(Activity)
What is needed is an exact repetition of the lines from the first one in the data through the line with "Moderný piercing do", with no pictures.

------

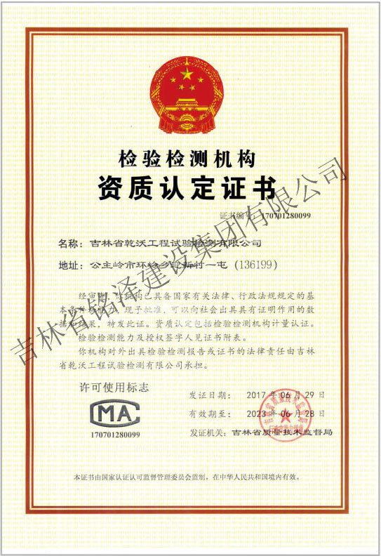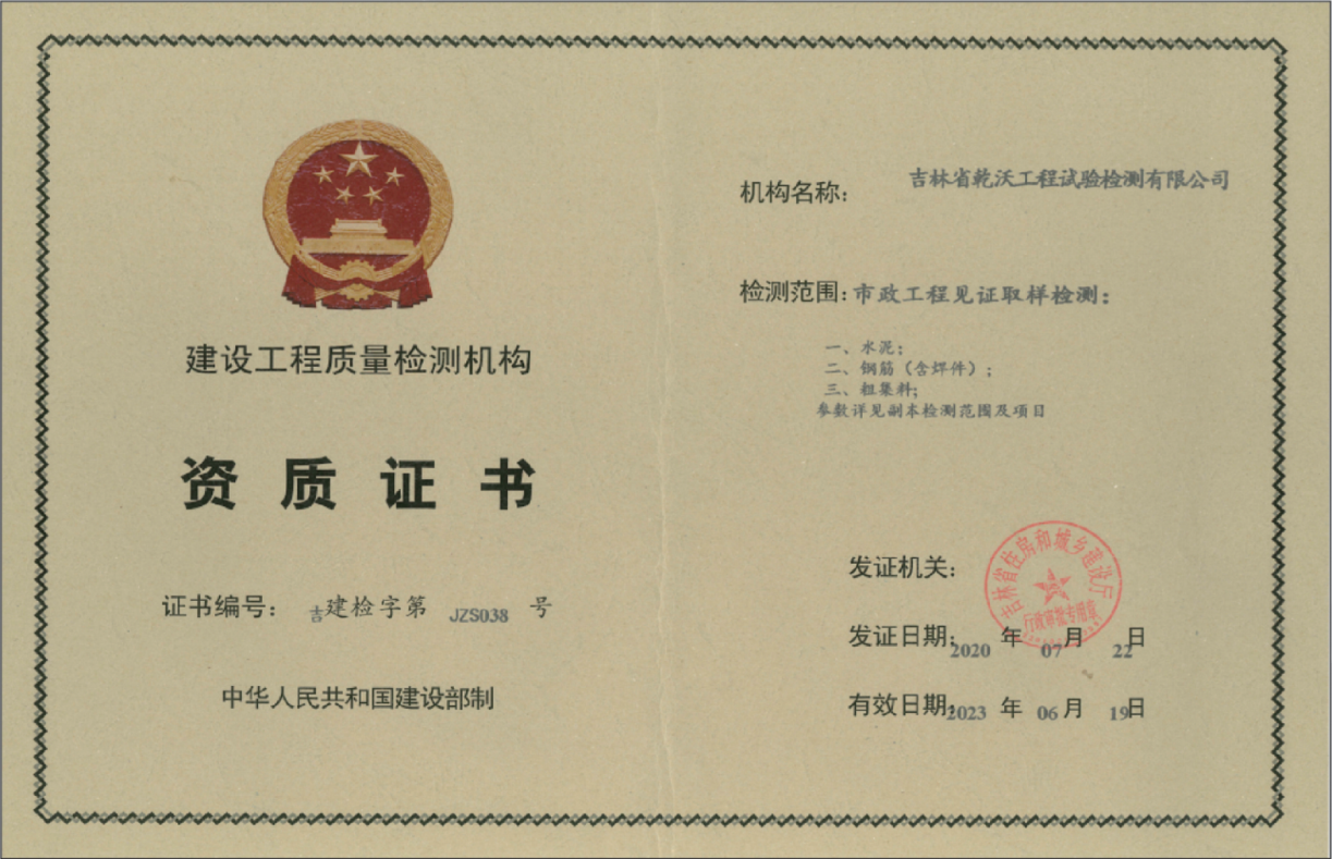 吉林省乾沃工程试验检测有限公司于2016年11月成立,注册资金1250万元,是一家具有独立法人资格并通过吉林省CMA计量认证的专业试验检测公司。现有人员20余人,其中高级工程师1人,工程师3人,技术人员20余人,所有试验检测人员均通过了吉林省建设工程质量监督检测协会的考核,取得市政建设工程材料检测资格并持证上岗。
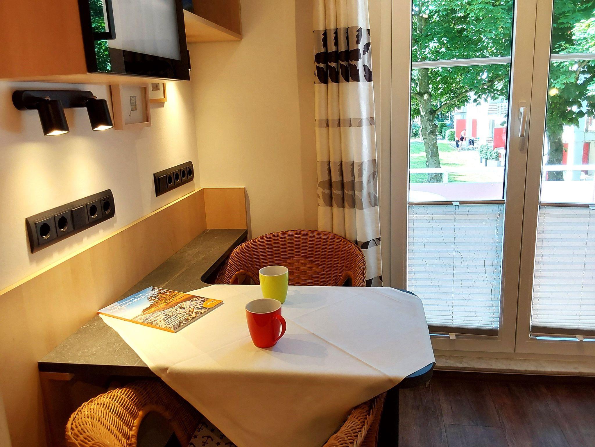 Die modern eingerichteten 1-Raum-Appartements dieser Kategorie sind für maximal 2 Personen geeignet und ca. 21 qm groß. Sie verfügen über einen Wohn-/Schlafraum für 2 Personen. Alle unsere Wohnungen sind Nichtraucher-Wohnungen. Bei einigen Appartements können Sie Ihr Haustier mitbringen (s. Zimmerdaten). Ausstattung: Sat-TV, Radio, Küchenzeile, Dusche/WC, möblierte Terrasse oder Balkon. Bettwäsche und Handtücher als Erstausstattung.
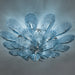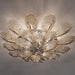 This hand-blown exquisite contemporary Venetian ceiling lamp is entirely crafted from Murano glass. Characterized by its flower shapes, the lamp includes 20 lights and is embellished with a refined diamond-patterned surface.
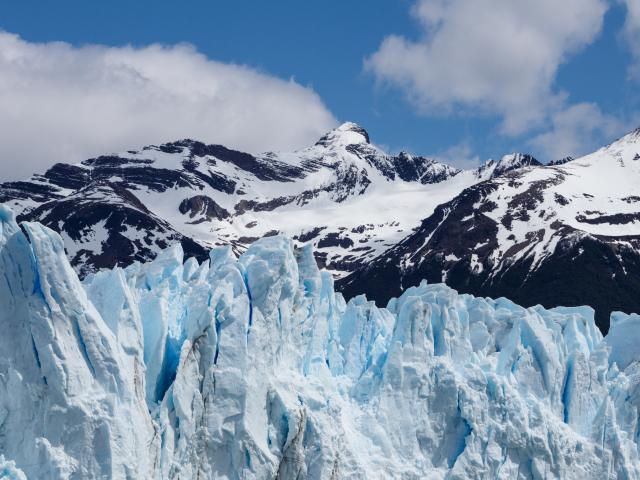 Wallpaper Blue glacier on the background of snow-capped mountains
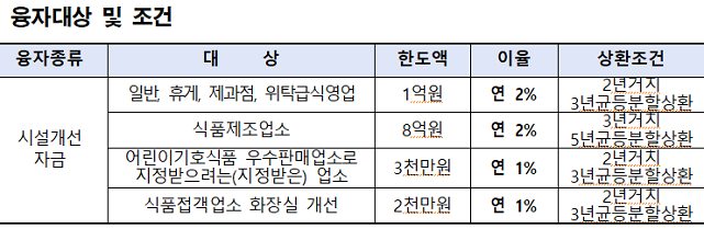 지원 대상은 서울에서 영업 중인 식품제조가공업소와 일반음식점 등이며, 조리장과 작업장 환경 개선, 위생 설비 보완 등 영업장 시설과 위생 수준 개선에 필요한 시설개선자금이 지원된다. 식품안전관리인증기준(HACCP) 도입을 준비하는 식품제조업소는 최대 8억 원까지, 식품접객업소는 최대 1억 원까지, 어린이 기호식품 우수판매업소는 최대 3000만 원까지 지원받을 수 있다.
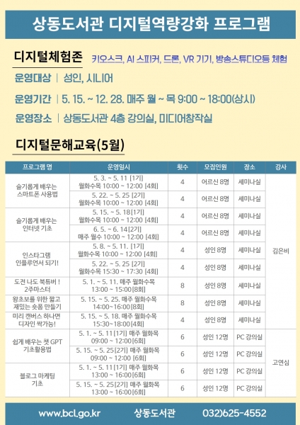 부천시 상동도서관, 시민 디지털 역량강화 프로그램 운영
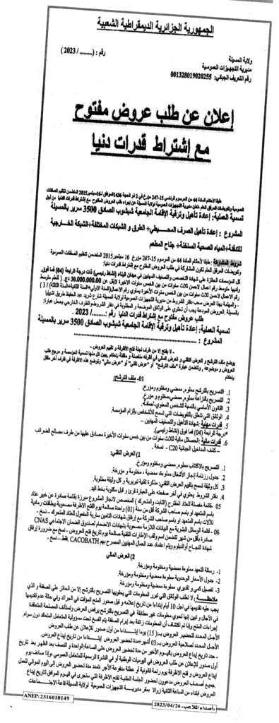 إعلان عن طلب عروض مفتوح: إعادة تأهيل الإقامة الجامعية شبشوب الصادق 3500 سرير بالمسيلة/ مديرية التجهيزات العمومية لولاية المسيلة
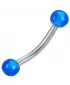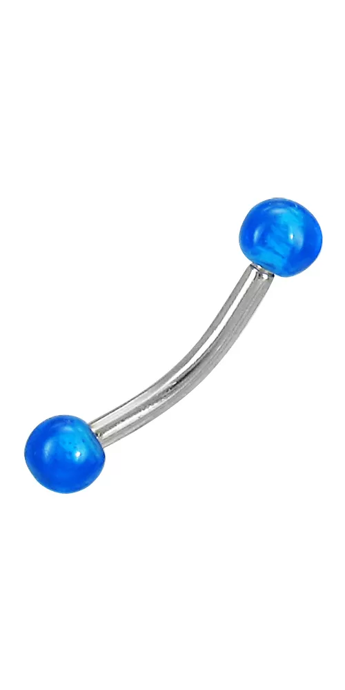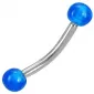 Moderný piercing do obočia je vyrobený z chirurgickej ocele v lesklej povrchovej úprave. Piercing je ozdobený modrými guličkami.
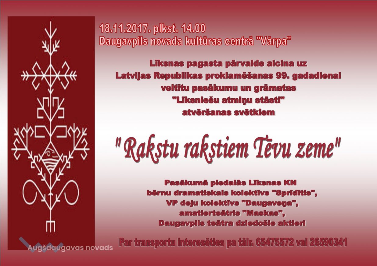 Klāt ir 18. novembris, kad svinēsim Latvijas kā valsts 99. gadadienu. Šo svētku svinības Līksnas pagasta pārvalde rīko saviem pagasta iedzīvotājiem un ciemiņiem. Šoreiz tie būs īpaši, jo pasākuma laikā savus atvēršanas svētkus piedzīvos grāmata "Līksniešu atmiņu stāsti". Tas ir daudzu gadu darba rezultāts, ko paveica līksnieši paši, pieaicinot arī speciālistus no citiem Latvijas novadiem. Lasot šīs atmiņas varam iepazīt Līksnas pagasta vēsturi, izejot cauri gandrīz diviem gadsimtiem.

------

(Result for this exercise)
 吉林省乾沃工程试验检测有限公司于2016年11月成立,注册资金1250万元,是一家具有独立法人资格并通过吉林省CMA计量认证的专业试验检测公司。现有人员20余人,其中高级工程师1人,工程师3人,技术人员20余人,所有试验检测人员均通过了吉林省建设工程质量监督检测协会的考核,取得市政建设工程材料检测资格并持证上岗。
 Die modern eingerichteten 1-Raum-Appartements dieser Kategorie sind für maximal 2 Personen geeignet und ca. 21 qm groß. Sie verfügen über einen Wohn-/Schlafraum für 2 Personen. Alle unsere Wohnungen sind Nichtraucher-Wohnungen. Bei einigen Appartements können Sie Ihr Haustier mitbringen (s. Zimmerdaten). Ausstattung: Sat-TV, Radio, Küchenzeile, Dusche/WC, möblierte Terrasse oder Balkon. Bettwäsche und Handtücher als Erstausstattung.
 This hand-blown exquisite contemporary Venetian ceiling lamp is entirely crafted from Murano glass. Characterized by its flower shapes, the lamp includes 20 lights and is embellished with a refined diamond-patterned surface.
 Wallpaper Blue glacier on the background of snow-capped mountains
 지원 대상은 서울에서 영업 중인 식품제조가공업소와 일반음식점 등이며, 조리장과 작업장 환경 개선, 위생 설비 보완 등 영업장 시설과 위생 수준 개선에 필요한 시설개선자금이 지원된다. 식품안전관리인증기준(HACCP) 도입을 준비하는 식품제조업소는 최대 8억 원까지, 식품접객업소는 최대 1억 원까지, 어린이 기호식품 우수판매업소는 최대 3000만 원까지 지원받을 수 있다.
 부천시 상동도서관, 시민 디지털 역량강화 프로그램 운영
 إعلان عن طلب عروض مفتوح: إعادة تأهيل الإقامة الجامعية شبشوب الصادق 3500 سرير بالمسيلة/ مديرية التجهيزات العمومية لولاية المسيلة
 Moderný piercing do obočia je vyrobený z chirurgickej ocele v lesklej povrchovej úprave. Piercing je ozdobený modrými guličkami.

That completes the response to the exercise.